Но она возражает. Она им такое басит! У птиц, наверное, сразу испортился бы аппетит, если б они хоть раз услышали бабочку.
А как они услышат? Они начинают слышать лишь со ста колебаний в секунду, меньше ста не воспринимает их слух.
Поэтому птицы не слышат ни бабочек, ни жуков, ни стрекоз, у них уши устроены так, чтобы не слышать тех, кого им клевать приходится.
Календарь
Для Календаря наступила осень… Вообще-то осень у него всю жизнь, потому что круглый год с него опадают листки, но когда листков остаётся всего лишь треть, тут уже настоящая осень…
Задумался Календарь обо всех этих делах, и тут его окликнула незнакомая компания. Тридцать Второе Октября, Восьмой День Недели и Двадцать Пятый Час Суток сидели у обочины времени, не зная, чем бы заняться.

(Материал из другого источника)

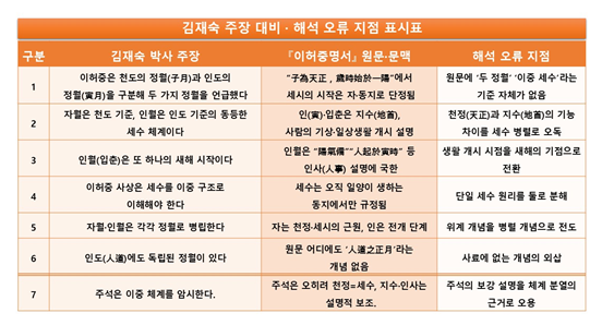 필자는 2009년 5월 26일 데일리안 인터뷰와 『역법의 역사와 역리학의 바른 이해』 171쪽에서 『이허중명서』의 해당 원문을 직접 번역·제시하고, 그 문헌적 근거에 따라 명리학의 새해(年柱)는 동지(冬至)임을 이미 논증한 바 있다. 이에 대한 학술적 검증은, 우선적으로 해당 번역과 해석의 타당성 여부를 다루는 데서 출발해야 한다. 그러나 김재숙 박사는 필자의 원문 해석에 대한 옳고 그름도 명확히 입증하지 않은 채, 제3자의 해석을 근거로 “천도와 인도의 두 가지 세수를 말했을 가능성을 고려해야 한다”라는 모호한 가능성을 제시하며 필자의 주장을 비판했다. 이는 텍스트 해석의 진위를 검증해야 할 핵심 쟁점을 흐리는 태도로, 학술 비판이 아니라 논점 회피에 불과하며, 곡학아세라는 비판을 면하기 어렵다.
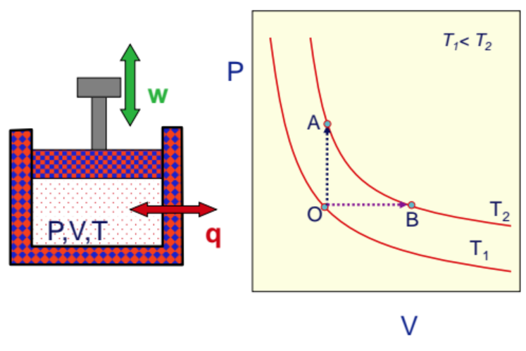 먼저 부피를 고정한다 생각하자. 만약 이상태에서 온도를 올리면 어떻게 될까?(온도를 올린다는 것은 외부에서 열을 제공한다는 것이다) 우리는 경험적으로 너무나도 잘 알고있다. 기체가 에너지를 받아 활동도가 올라가고, 이로인해 내부 압력이 상승할 것이다. 하지만 부피가 고정되어 있으므로 결국에 피스톤을 움질일 수는 없다 따라서 $w=0$ 이다. 또는 반대로 생각해도 같다. 압력을 올리면 어떻게 될까? 당연히 온도가 상승할 것이다. 바로 위 그래프의 A 경로와 같다.
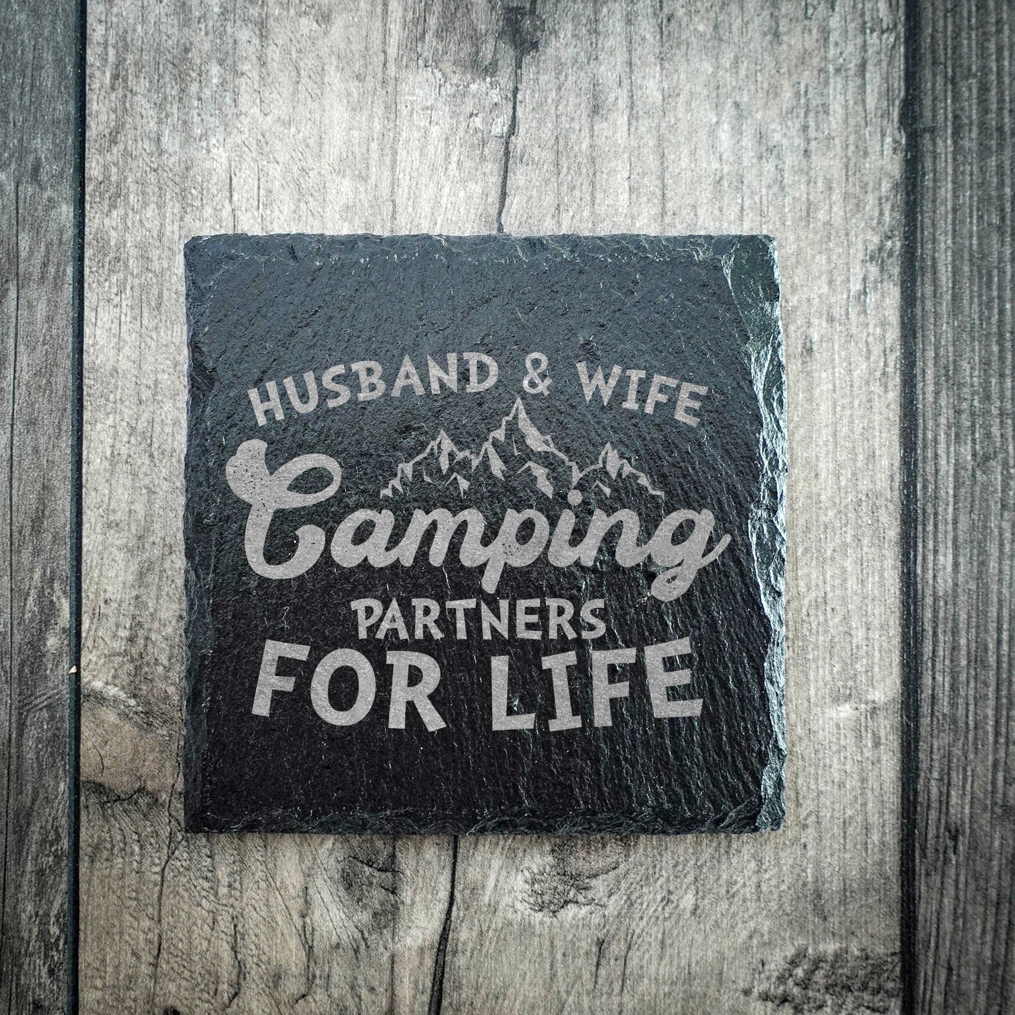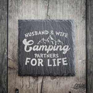 Husband and Wife Camping Partners For Life Riven Slate Coaster... Well until you fall out about putting the tent up! ;)
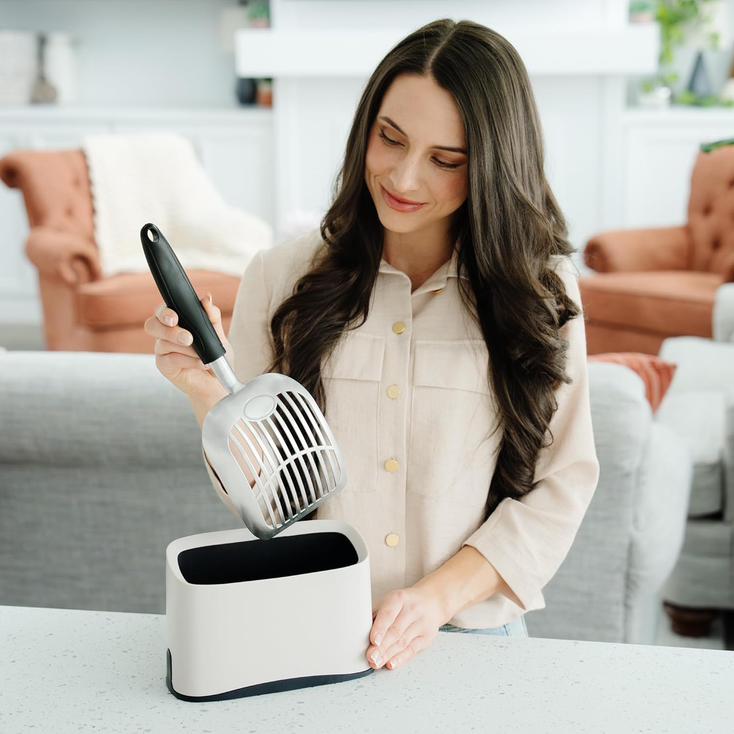 • [ERGONOMIC DESIGN MAKES LIFE BETTER] With our kitty litter scooper, you'll be happier, your cat will appreciate the cleanliness, and air quality will be noticeably better; This metal sifter for cats is designed for you to focus more on the fun parts of pet parenting (like scoop poop). For dustless, heavy-duty cleaning, this is the best litter scoop to add to your cat supplies, especially for multi-cat scooping homes as it eliminates dust caused unnecessary shaking
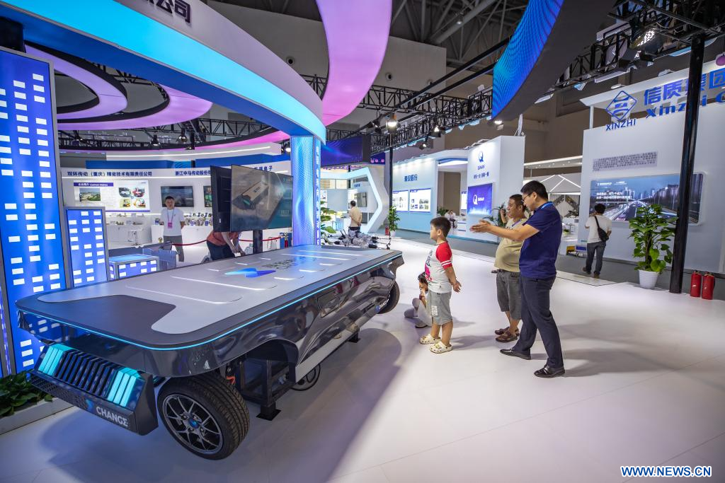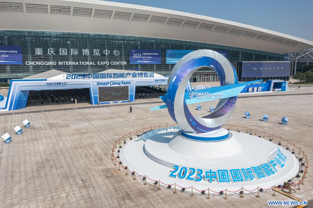 CHONGQING, 3 septiembre, 2023 (Xinhua) -- Invitados visitan la sede de la Exposición China Inteligente 2023, en Chongqing, en el suroeste de China, el 3 de septiembre de 2023. La Exposición China Inteligente 2023 se celebrará en el Centro Internacional de Exposiciones de Chongqing del 4 al 6 de septiembre. (Xinhua/Wang Quanchao)
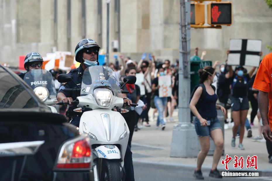 当地时间5月29日,纽约上千民众聚集在曼哈顿佛利广场,抗议明尼苏达州明尼阿波利斯市非裔男子乔治·佛洛依德遭警察暴力执法致死。图为警察在佛利广场周边严密布防。 中新社记者 廖攀 摄
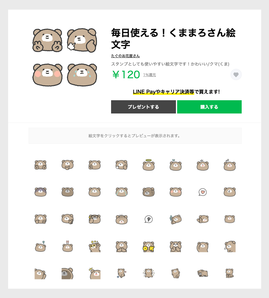 LINE絵文字 『毎日使える!くままろさん絵文字』
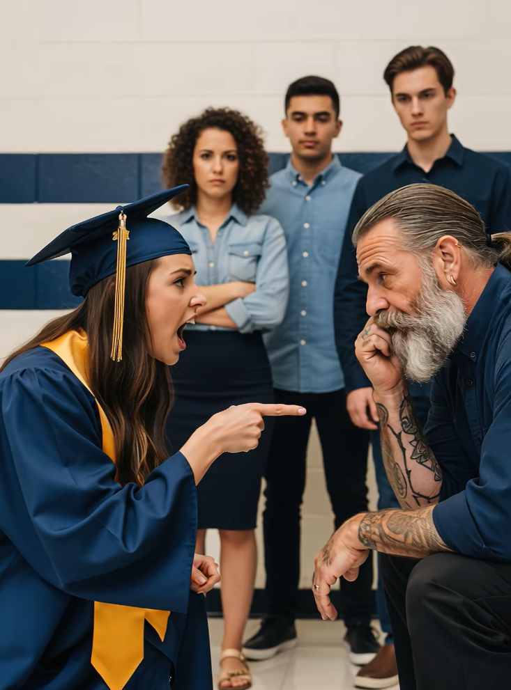 Mijn dochter was boos op mij omdat ik bij haar diploma-uitreiking aanwezig was, omdat ik een motorrijder ben, met een lange baard, tatoeages, leren vest en al.

— Эге, папаша, неважно ты выглядишь! — крикнули они Календарю. — Смотри, доконает тебя эта осень.
— Доконает, — вздохнул Календарь.
— Да ты присаживайся, чего стоишь?
— Надо идти. Нет времени.
— Это у тебя-то нет времени? — рассмеялся Восьмой День Недели. — А что ж нам тогда говорить? На нашу долю и вовсе времени не досталось.
— Да, — проворчал Двадцать Пятый Час, — ночей не спишь, стараешься попасть в ногу со временем — никак не удаётся. Дождёшься двадцати четырёх часов, только попробуешь приткнуться — глядь — уже час ночи.
— Или первое ноября — сразу после тридцать первого, — вставило Тридцать Второе Октября.
— А я как измучился с этими воскресеньями и понедельниками! Держатся друг за дружку, словно их кто-то связал. — Восьмой День Недели с укором посмотрел на Календарь. — Вот оно как, отец, нет у тебя порядка.
— Нет порядка? — обиделся Календарь. — Я за порядком лично слежу, у меня каждый день на учёте.
— А толку-то от этих дней! Каждый из них отбирает у тебя день жизни. Взял бы ты лучше нас — мы бы у тебя ни минутки не тронули.
— Это как же? — не понял Календарь.
— А так. — Восьмой День Недели подмигнул Тридцать Второму Октября. — У нас бы время не двигалось, на месте стояло. Живи себе, не думай о завтрашнем дне.
— И всё время ночь, — сладко зевнул Двадцать Пятый Час. — Спи себе, знай, посапывай.
— Это бы ничего, — улыбнулся Календарь, — И все листочки целы?
— Все до одного! Если время стоит — куда им деваться?
Календарь сел, аккуратно подобрав листочки.
— Я бы тогда в библиотеку поступил, там с книгами хорошо обращаются. Взял, почитал, поставил на место… Вот жизнь!
— Выдана книга тридцать второго октября…
— В восьмой день недели…
— В двадцать пять ноль-ноль…
— Вернуть книгу тридцать второго октября…
— В восьмой день недели…
— В двадцать пять ноль-ноль…
— Постойте-постойте, — забеспокоился Календарь. — Это как же? Одну книгу читать целый год?
— Ну и год. Время-то стоит, куда торопиться?
Это сказал Двадцать Пятый Час. А Восьмой День
Недели добавил:
— Да и читать никто не будет. Время стоит — значит, всё стоит, разве не понимаешь?
Календарь встал и расправил свои листочки.
— Заморочили вы мне голову. Недаром вас никуда не берут. С вами бы у нас жизнь совсем остановилась.
И зашагал Календарь дальше. Теперь уже бодрей зашагал.
Пусть листочки опадают. Пока они опадают, мы движемся: из сегодня в завтра, из завтра — в послезавтра… Мы движемся, а значит — живём!